MongoDB does not fail at scale because documents are bad. It fails because the document shape stopped matching the way the product reads and writes data, and nobody noticed until the working set moved out of memory.
Node.js gets blamed for some of this too. Usually the real bug is simpler: too much data pulled into the app, too many per-row calls, a missing compound index, or a document that grew from "convenient" to "every screen in the business."
The database is not offended by your model. It is just executing it.
Model around the hot path#
The first question is not "embed or reference?" The first question is "what does the hot path need in one read?"
Embedding is great when the child data is small, bounded, and read with the parent. It is painful when the child data grows without limit, changes at a different cadence, or needs its own query path.
type OrderDocument = {
id: string;
buyerId: string;
status: 'draft' | 'paid' | 'fulfilled' | 'cancelled';
totals: { subtotal: number; tax: number; grandTotal: number };
lines: { sku: string; qty: number; unitPrice: number }[];
};That shape is fine until someone adds every shipment event, every support note, every payment attempt, and every audit trail to the same document because "it belongs to the order." Belongs is not a modeling rule. Access pattern is.
Indexes are part of the feature#
An endpoint is not done when it returns the right JSON on your laptop. It is done when the query shape has an index that matches production cardinality.
For MongoDB, that means looking at the filter, sort, and projection together:
db.orders.createIndex({
buyerId: 1,
status: 1,
createdAt: -1,
});If the query filters on buyerId, filters on status, and sorts by createdAt, that compound index is not an optimization. It is the feature's support structure.
The index review should happen in code review. If the PR adds a query and no one can point to the matching index, the PR is not done.
Watch memory before CPU#
The nasty cliff is the working set. Everything feels fine while the hot indexes and documents fit in memory. Then the product grows, a document gets wider, a dashboard scans too much, and the database starts spending its life fetching pages.
The symptoms look like application problems:
- Node workers waiting on I/O;
- p95s drifting before p50s move;
- connection pools filling during dashboard traffic;
- one "simple" admin screen making every customer request slower.

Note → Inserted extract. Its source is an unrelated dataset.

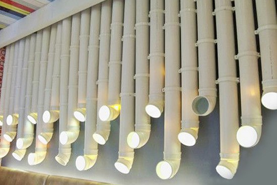 用管道來裝飾墻面是比較新穎的做法,年輕一族會(huì)比較喜歡。暗灰色的金屬,未經(jīng)涂飾的墻面,有一種工業(yè)時(shí)代的金屬感;白色的PVC管也能變成隨時(shí)點(diǎn)亮的墻面燈?;野档膲γ婧陀猩募揖?,組合成強(qiáng)烈的視覺效果。(圖片來源于網(wǎng)絡(luò),侵刪)
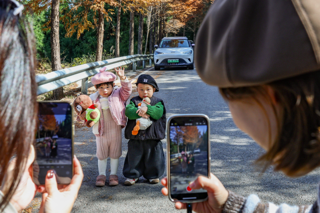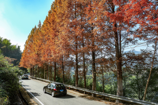 这条被誉为“温州最美红杉公路”的景观,其水杉多为上世纪八九十年代栽种的行道树,如今已成为一道亮丽的风景线。最佳观赏路段主要集中在陈北线、龙西线等区域,总计约22公里。赤橙黄绿的色彩与斑驳光影交织,宛如油画。游客们惬意随停,捕捉冬日的第一份浪漫,仿佛驶入了一个无需门票的天然影棚。

The fix is rarely "rewrite it." The fix is usually smaller reads, better projections, a correct compound index, and moving unbounded history out of the hot document.
The app should not repair the database shape#
When the Node layer starts doing joins, filters, and sorts in memory, the model is already leaking.
You can get away with it early. A dozen records become a hundred. A hundred becomes ten thousand. Then a harmless endpoint is allocating large arrays so it can throw most of them away. That is not business logic. That is a query plan hiding in TypeScript.
I like Node for product work because it makes the path from API to UI short. That does not mean the app should compensate for a lazy database model. Keep the hot path narrow, name the indexes in the PR, and treat document growth as a production risk, not a storage detail.